Il calciomercato è una passione tipicamente italiana, capace di infiammare le estati di milioni di tifosi, facendo sognare sotto l’ombrellone il prossimo grande acquisto della propria squadra del cuore, in attesa della stagione che verrà. Tra la seconda metà degli anni Novanta e i primi anni Duemila, la Serie A era la crème de la crème del calcio europeo: ogni estate i top club erano soliti sfidarsi a suon di milioni per acquistare i più grandi campioni in circolazione.
Era il periodo della Juve di Lippi, del Milan di Weah prima e di Šhevchenko poi. Delle romane campioni d’Italia all’alba del nuovo millennio. Del Parma, vincitore della Coppa Uefa nel ’99. Della Fiorentina, guidata da Batistuta.
C’era poi una squadra nella quale hanno militato campioni di enorme spessore. Un club che avrebbe potuto essere punto di riferimento di un decennio ma che, a causa di frenesia ed errori di valutazione del suo stesso presidente, si limitò a svolgere un ruolo da semplice comprimaria. Stiamo parlando della prima Inter di Massimo Moratti.
Moratti oggi è ricordato dai tifosi interisti come il presidente più vincente della storia nerazzurra, capace di centrare nel 2010 il leggendario triplete. Eppure è esistito un tempo non troppo lontano – il periodo dal febbraio 1995 al gennaio 2004 in cui l’imprenditore si defilò per lasciare la presidenza operativa a Giacinto Facchetti, tornando poi nel 2006 – in cui l’Inter per anni ha inseguito disperatamente un titolo. Nonostante fosse spesso considerata la favorita della vigilia, puntualmente erano le dirette concorrenti a veder cucito il tricolore sulle maglie.
Tra le tante possibili motivazioni che hanno portato a una carenza di successi nerazzurri, alcune sono sicuramente legate a diverse sliding doors di mercato. Momenti chiave che, se gestiti con meno frenesia, avrebbero potuto modificare l’esito delle successive stagioni della prima Inter di Moratti.
Il primo abbaglio: Hodgson > Roberto Carlos
Dopo i primi mesi di ambientamento, l’estate 1995 è la prima in cui Moratti diventa operativo a tutti gli effetti.
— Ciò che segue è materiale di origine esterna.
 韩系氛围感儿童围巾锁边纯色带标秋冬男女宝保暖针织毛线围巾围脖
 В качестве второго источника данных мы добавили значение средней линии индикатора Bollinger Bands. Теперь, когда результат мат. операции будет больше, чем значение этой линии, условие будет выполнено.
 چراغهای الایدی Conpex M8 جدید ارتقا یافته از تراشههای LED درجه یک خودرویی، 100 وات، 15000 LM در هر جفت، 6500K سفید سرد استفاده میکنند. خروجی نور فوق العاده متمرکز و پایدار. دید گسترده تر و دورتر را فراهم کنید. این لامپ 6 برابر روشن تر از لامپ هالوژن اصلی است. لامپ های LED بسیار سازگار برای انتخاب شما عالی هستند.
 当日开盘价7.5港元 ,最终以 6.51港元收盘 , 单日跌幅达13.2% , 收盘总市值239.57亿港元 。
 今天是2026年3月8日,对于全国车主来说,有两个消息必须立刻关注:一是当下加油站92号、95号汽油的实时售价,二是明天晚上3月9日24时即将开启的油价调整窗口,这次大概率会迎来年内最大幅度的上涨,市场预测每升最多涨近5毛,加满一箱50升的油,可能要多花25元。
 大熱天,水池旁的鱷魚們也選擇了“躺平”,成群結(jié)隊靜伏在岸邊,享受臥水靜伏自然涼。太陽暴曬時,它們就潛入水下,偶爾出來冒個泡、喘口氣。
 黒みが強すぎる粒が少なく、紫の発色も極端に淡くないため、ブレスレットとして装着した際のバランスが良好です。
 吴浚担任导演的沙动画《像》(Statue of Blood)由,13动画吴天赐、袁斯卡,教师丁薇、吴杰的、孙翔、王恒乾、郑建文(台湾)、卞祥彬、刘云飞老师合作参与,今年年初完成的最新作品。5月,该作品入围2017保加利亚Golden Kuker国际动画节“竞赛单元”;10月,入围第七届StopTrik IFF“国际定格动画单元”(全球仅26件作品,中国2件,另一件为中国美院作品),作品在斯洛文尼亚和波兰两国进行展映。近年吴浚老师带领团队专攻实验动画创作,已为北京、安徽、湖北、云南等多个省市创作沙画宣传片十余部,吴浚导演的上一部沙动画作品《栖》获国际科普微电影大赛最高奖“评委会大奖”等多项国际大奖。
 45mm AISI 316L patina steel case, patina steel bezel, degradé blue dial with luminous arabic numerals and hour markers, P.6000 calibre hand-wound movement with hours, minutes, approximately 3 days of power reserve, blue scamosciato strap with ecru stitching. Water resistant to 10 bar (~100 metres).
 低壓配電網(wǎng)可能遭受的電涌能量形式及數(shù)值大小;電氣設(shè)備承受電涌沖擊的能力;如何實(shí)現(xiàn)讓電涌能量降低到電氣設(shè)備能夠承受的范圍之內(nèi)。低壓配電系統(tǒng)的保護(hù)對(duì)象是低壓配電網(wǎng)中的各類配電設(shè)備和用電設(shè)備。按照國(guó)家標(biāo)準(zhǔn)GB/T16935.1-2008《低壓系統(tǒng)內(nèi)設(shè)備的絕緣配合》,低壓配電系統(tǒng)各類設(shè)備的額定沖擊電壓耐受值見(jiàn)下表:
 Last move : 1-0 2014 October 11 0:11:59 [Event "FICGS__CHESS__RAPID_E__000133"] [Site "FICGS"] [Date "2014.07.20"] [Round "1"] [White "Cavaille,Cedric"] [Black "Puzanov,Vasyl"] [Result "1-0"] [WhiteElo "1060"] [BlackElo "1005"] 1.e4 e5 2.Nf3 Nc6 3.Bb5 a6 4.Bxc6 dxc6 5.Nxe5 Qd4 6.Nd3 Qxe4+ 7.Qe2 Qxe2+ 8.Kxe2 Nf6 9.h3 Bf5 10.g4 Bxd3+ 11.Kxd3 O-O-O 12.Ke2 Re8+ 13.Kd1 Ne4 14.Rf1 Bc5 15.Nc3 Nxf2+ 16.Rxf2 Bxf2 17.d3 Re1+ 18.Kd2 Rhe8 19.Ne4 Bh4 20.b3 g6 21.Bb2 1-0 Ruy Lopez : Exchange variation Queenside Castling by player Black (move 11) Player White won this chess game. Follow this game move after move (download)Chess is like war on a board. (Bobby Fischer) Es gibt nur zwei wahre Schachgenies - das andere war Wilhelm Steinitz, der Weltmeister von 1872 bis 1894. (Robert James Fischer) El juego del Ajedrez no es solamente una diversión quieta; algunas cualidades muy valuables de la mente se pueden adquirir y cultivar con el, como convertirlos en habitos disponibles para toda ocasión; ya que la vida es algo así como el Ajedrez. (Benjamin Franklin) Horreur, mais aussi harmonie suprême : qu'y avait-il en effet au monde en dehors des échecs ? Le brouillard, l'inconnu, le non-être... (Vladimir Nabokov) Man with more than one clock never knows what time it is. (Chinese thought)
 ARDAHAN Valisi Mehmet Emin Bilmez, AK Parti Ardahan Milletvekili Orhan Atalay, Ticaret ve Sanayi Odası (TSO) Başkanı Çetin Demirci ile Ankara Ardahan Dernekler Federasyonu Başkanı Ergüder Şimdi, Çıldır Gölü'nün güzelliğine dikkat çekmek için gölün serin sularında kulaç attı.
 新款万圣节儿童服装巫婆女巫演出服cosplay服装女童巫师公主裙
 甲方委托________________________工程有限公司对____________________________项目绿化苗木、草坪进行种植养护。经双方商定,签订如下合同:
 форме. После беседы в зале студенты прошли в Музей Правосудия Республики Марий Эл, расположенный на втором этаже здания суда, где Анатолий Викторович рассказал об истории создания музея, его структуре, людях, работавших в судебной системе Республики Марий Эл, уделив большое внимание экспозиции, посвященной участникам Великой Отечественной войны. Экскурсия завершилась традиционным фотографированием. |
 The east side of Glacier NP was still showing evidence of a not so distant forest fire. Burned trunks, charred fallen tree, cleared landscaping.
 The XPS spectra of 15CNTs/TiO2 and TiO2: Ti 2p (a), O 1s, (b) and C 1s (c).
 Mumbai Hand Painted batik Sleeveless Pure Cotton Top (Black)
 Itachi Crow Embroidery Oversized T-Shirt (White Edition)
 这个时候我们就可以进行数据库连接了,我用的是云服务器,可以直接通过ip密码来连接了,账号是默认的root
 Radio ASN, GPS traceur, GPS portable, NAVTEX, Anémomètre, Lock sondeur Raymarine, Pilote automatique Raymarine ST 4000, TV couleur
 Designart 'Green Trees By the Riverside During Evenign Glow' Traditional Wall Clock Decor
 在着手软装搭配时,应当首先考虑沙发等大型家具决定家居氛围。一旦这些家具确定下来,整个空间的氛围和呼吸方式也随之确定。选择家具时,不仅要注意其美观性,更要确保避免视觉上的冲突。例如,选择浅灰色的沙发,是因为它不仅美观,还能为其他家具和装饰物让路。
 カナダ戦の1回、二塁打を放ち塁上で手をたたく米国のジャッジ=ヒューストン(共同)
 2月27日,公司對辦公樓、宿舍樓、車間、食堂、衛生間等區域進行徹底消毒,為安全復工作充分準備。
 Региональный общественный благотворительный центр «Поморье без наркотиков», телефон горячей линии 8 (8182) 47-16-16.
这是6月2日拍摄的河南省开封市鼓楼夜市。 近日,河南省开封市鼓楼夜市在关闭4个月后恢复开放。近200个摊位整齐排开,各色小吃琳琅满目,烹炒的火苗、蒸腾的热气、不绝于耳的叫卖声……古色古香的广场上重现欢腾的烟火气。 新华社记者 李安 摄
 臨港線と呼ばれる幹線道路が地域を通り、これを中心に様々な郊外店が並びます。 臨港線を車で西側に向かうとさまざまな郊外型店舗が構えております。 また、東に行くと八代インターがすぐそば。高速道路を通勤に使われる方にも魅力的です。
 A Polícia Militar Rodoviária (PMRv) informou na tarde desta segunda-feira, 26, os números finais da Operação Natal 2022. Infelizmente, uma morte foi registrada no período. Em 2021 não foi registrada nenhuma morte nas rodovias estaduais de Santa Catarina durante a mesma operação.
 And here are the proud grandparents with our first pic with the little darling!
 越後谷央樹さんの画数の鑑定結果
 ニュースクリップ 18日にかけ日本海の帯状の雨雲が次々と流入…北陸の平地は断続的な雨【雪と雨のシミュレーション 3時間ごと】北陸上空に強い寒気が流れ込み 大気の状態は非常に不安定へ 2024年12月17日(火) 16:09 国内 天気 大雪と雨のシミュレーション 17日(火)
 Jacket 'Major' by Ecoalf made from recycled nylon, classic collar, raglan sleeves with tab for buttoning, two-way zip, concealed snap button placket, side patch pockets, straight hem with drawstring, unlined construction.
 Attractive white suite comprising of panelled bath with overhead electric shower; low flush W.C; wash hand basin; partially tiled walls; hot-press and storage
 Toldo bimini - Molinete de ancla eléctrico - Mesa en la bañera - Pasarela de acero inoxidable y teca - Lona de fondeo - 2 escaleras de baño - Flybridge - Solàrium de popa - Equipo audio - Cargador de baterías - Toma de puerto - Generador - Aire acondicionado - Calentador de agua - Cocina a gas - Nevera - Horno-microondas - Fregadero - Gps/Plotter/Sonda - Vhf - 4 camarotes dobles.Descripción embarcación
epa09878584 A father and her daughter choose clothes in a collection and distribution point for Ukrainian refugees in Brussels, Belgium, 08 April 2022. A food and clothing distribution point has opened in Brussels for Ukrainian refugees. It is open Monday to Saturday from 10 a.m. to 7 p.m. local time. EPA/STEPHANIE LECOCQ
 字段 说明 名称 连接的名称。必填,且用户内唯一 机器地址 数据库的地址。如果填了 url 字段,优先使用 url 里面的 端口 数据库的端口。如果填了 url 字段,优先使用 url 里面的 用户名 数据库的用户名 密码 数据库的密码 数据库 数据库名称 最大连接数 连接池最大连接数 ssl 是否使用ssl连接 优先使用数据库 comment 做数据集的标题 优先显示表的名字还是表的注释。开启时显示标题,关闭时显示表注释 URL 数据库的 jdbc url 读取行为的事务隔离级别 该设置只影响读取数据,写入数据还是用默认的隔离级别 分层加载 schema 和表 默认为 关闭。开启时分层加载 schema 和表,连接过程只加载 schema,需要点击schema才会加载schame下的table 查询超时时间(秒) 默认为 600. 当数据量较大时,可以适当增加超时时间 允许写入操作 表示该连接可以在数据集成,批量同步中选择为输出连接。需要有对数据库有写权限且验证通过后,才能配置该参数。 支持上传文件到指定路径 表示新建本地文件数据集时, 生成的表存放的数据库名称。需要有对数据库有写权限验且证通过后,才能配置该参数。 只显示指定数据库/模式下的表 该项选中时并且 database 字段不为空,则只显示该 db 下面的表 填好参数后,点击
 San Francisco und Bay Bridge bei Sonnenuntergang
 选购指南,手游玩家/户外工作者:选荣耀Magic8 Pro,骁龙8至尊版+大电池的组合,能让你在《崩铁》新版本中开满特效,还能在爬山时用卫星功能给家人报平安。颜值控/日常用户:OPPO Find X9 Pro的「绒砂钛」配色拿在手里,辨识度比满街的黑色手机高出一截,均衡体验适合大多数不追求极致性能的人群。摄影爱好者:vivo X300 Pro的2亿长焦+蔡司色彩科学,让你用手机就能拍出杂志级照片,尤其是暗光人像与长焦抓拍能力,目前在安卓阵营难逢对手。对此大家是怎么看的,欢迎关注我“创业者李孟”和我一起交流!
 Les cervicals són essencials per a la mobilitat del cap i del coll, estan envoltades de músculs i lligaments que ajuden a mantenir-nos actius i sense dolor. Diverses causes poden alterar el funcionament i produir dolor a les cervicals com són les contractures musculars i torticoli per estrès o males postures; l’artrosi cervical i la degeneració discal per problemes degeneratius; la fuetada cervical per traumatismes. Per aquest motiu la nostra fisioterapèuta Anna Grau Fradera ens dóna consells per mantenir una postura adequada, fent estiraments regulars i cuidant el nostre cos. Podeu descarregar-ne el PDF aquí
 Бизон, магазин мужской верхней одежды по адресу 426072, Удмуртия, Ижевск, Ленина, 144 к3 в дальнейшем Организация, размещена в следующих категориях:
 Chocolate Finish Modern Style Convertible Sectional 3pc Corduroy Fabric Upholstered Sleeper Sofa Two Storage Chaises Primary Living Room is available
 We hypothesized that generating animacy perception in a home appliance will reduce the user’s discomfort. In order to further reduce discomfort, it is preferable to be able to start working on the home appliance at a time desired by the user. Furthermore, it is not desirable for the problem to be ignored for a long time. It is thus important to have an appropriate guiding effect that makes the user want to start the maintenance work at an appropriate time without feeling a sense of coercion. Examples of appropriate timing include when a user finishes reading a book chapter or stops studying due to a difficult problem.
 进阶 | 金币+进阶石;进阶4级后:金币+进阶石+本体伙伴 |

La sua volontà è quella di acquistare calciatori che siano in grado di rendere la squadra competitiva per il titolo sin da subito.
Nonostante un’ottima struttura centrale, è sugli esterni che l’Inter 1995-96 si fa bella. Sulla destra viene acquistato un giovane talento argentino, Javier Zanetti, mentre a sinistra il nuovo terzino è un brasiliano brevilineo e funambolico capace di esplodere dalla distanza un sinistro di rara potenza, comprato dal Palmeiras per la cifra non indifferente di 10 miliardi di lire. Il suo nome è Roberto Carlos da Silva Rocha, ma sarà presto noto al mondo intero semplicemente come Roberto Carlos.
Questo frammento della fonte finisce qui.